On 12/14/22 03:31, Mark Sapiro wrote:
On 12/13/22 10:38, Dan Caballero wrote:
Hi Mark,
I ran the commands and it took about 35 seconds for the loop to run.
Here's the result.
count 4168
So that's at least part of the issue. How does 35 seconds compare to the length of time to process one moderated message through Postorius?
Probably should've read more of the thread before previous reply ;-)
So, the issue _could_ be due to latency to the remote database vs local database that we have on m.p.o. Mailman3 is not very efficient when it comes to total no. of database queries done per operation, which is something I have been (very slowly) tracking and fixing on a case-by-case basis.
So, for example, handling 1 held message in m.p.o made 1.1k postgres database calls in total and even though they were each only few hundred micro-seconds each, the total added up to roughly ~2sec avg response time on the handle message API endpoint. If you handle more than 1, it scales linearly.
My suspicion is that in your case Dan, due to a remote instance, the latency per call is higher (maybe in the order of few or 10s of milliseconds is my guess?) and then depending on the total no. of entries you have in pendings and pendedkeyvalue tables (with some filters, not _all_ entries), it adds up to a high value.

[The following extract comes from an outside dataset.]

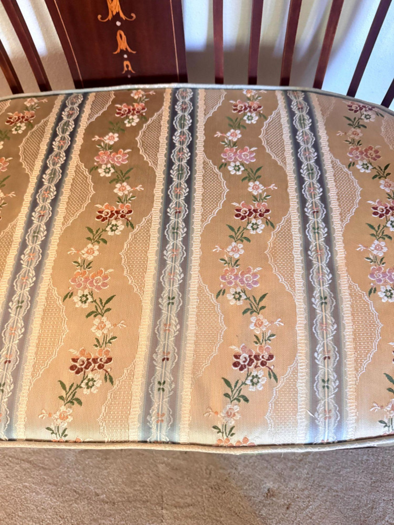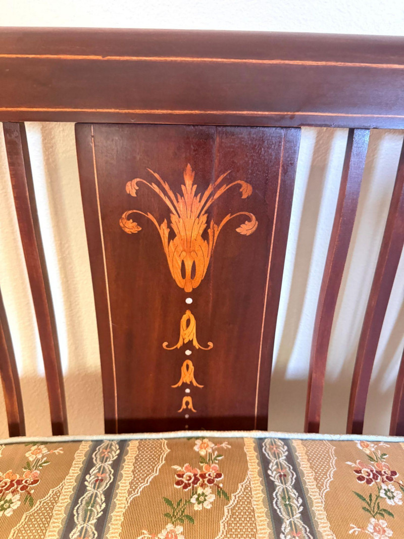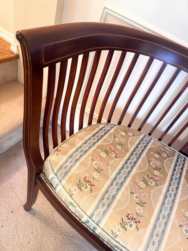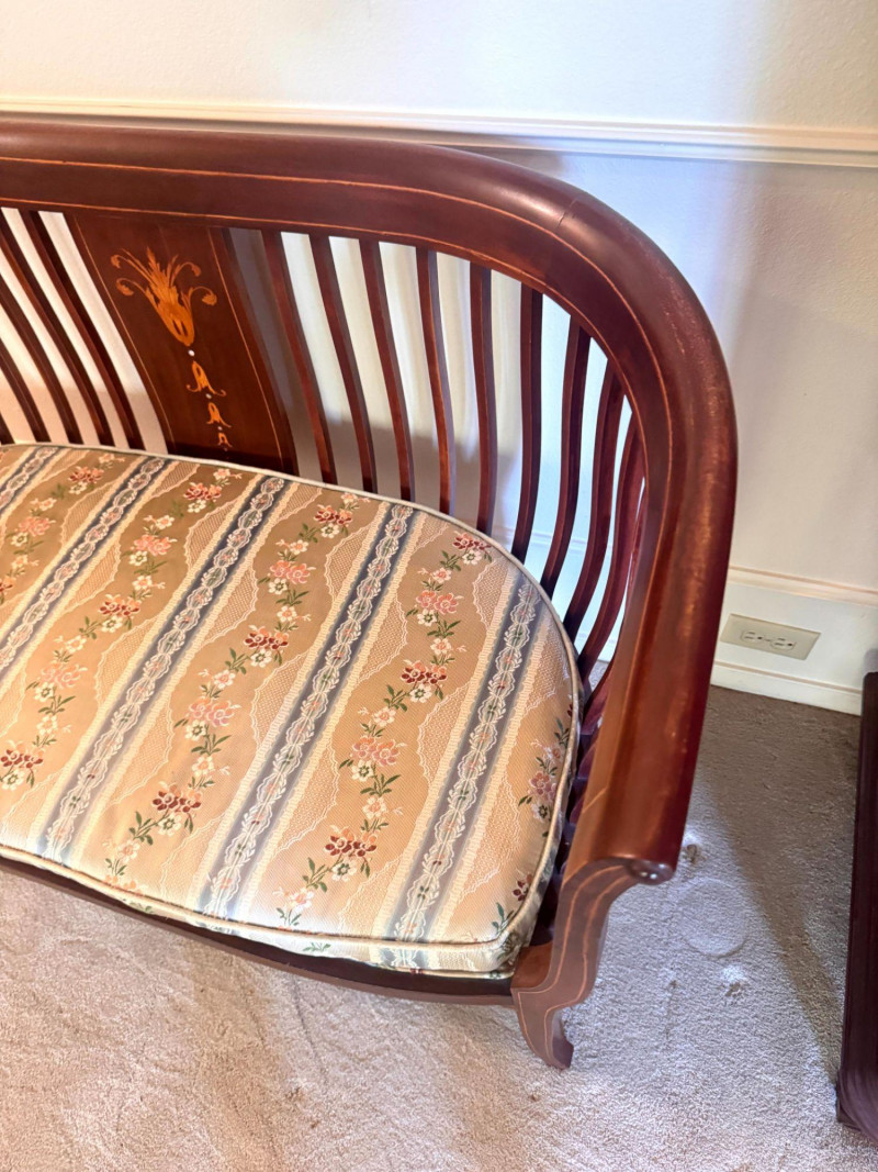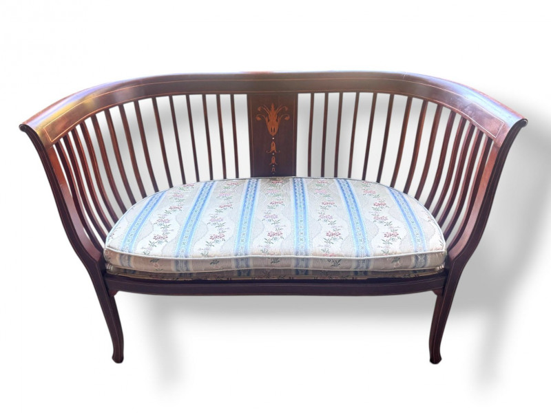 Lot # 19 - Antique Wood Settee Bench w/ Slat Back & Inlay Design, Upholstered

The no. of database calls here is of order n^2, where n is the entries in pendings of type "held message" and "data" and their respective linked relationships in pendedkeyvalue table.
My MR makes it such that we don't need to scan all entries of "type"="data", so that part will become constant time. And the pending of type "held message" will be limited to no. of held messages in a single MailingList(compared to all mailing lists like today), so it will help depending on the distribution of held messages in various lists. I am also exploring ways to make that 2nd query also constant time.
-- thanks, Abhilash Raj (maxking)